Taking the line with "这是5月12日在江苏南京龙潭" as the first and the last line of the listing as the final one, please copy exactly those lines and no others, without pictures.

Source data.
# # # # # # #
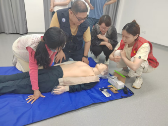 在实操练习环节中,参训学员4人一组,利用人体模型进行现场心肺复苏及海姆立克急救法操作演练,大家认真听讲、积极互动、反复练习,努力把每一个急救动作做标准、做到位,现场学习氛围异常热烈。通过系统的急救培训,参训教师都能够掌握基础的急救知识和基本的操作要领,在互动交流环节中,大家积极分享自己此次活动的收获和体验,并就实训教学中遇到的一些疑问进行了现场交流。
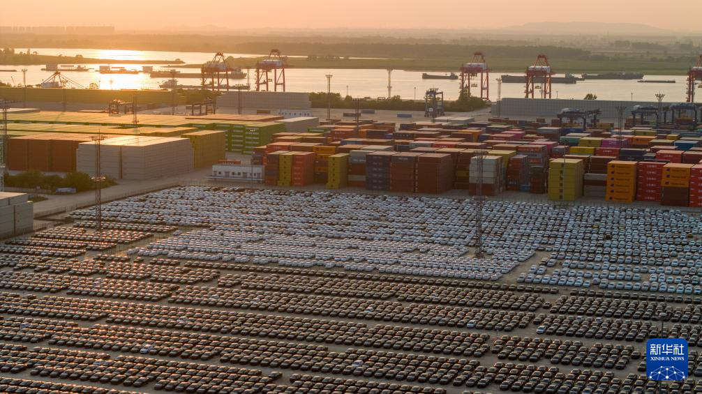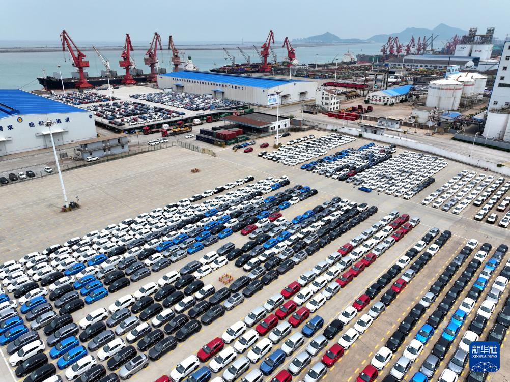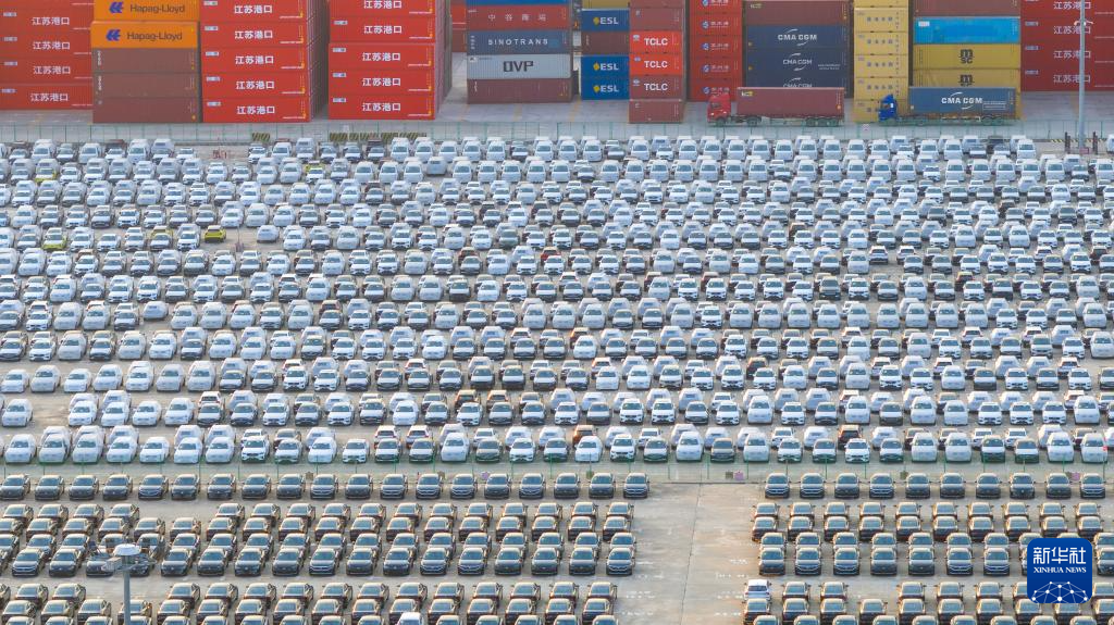 这是5月12日在江苏南京龙潭港集装箱码头拍摄的准备装船出口的汽车(无人机照片)。据5月12日中国汽车工业协会信息,2025年1至4月,我国汽车产销量分别为1017.5万辆和1006万辆,同比分别增长12.9%和10.8%。前4个月产销量首次突破千万辆,彰显汽车产业活力。新华社发(杨素平摄)
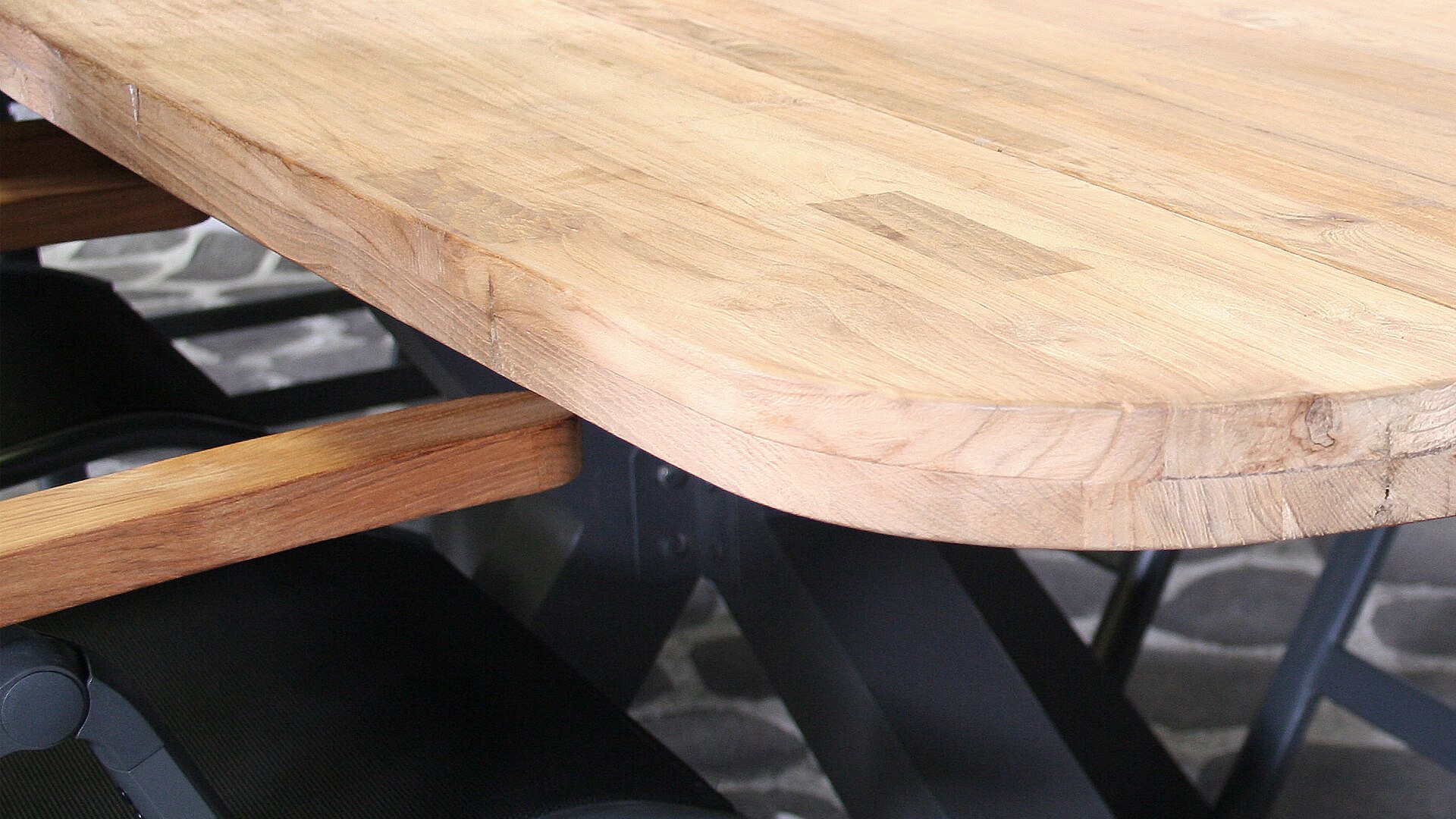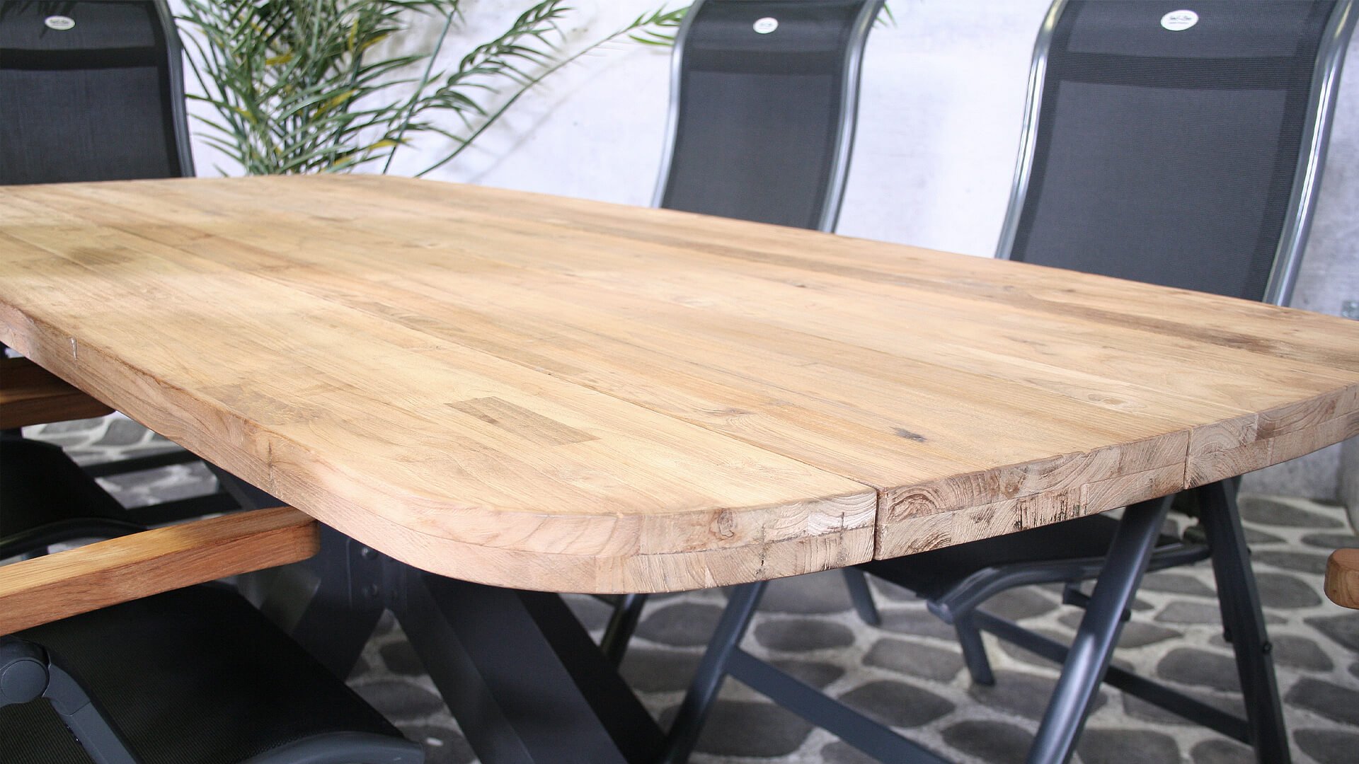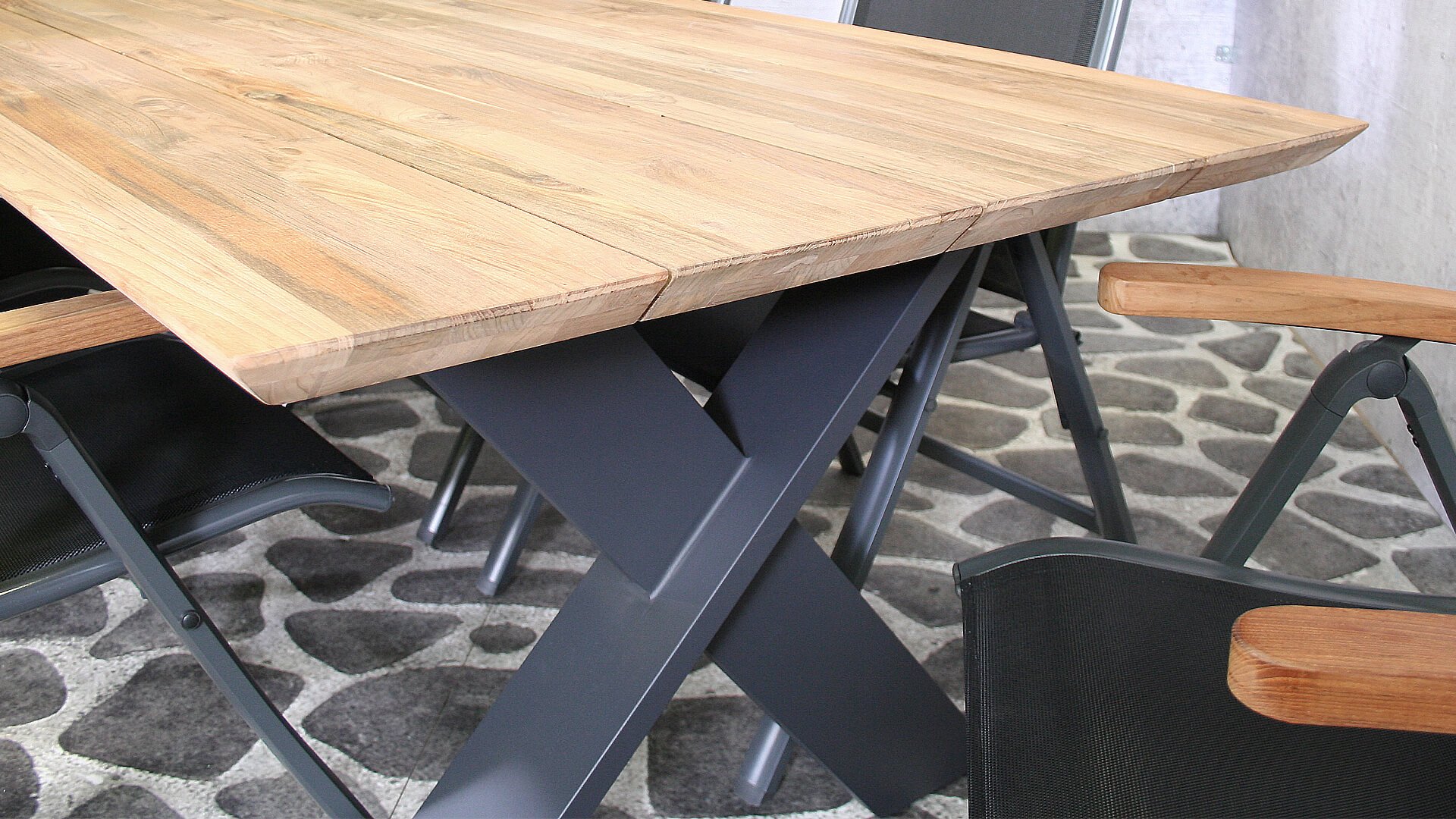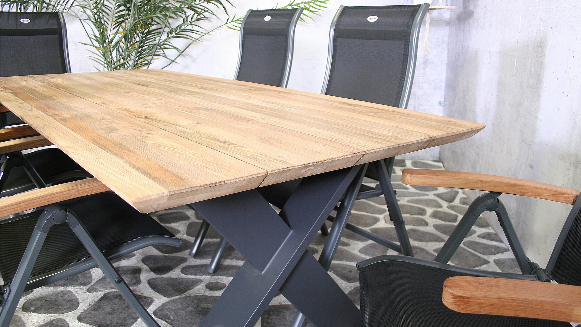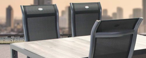 De Sens Torino met teakhoutenarmlegger combineerd prachtig bij de nieuwe SenS-Line Teakhouten tafels met aluminium onderstel.
# # # # # # #
Exercise output.
 这是5月12日在江苏南京龙潭港集装箱码头拍摄的准备装船出口的汽车(无人机照片)。据5月12日中国汽车工业协会信息,2025年1至4月,我国汽车产销量分别为1017.5万辆和1006万辆,同比分别增长12.9%和10.8%。前4个月产销量首次突破千万辆,彰显汽车产业活力。新华社发(杨素平摄)
 De Sens Torino met teakhoutenarmlegger combineerd prachtig bij de nieuwe SenS-Line Teakhouten tafels met aluminium onderstel.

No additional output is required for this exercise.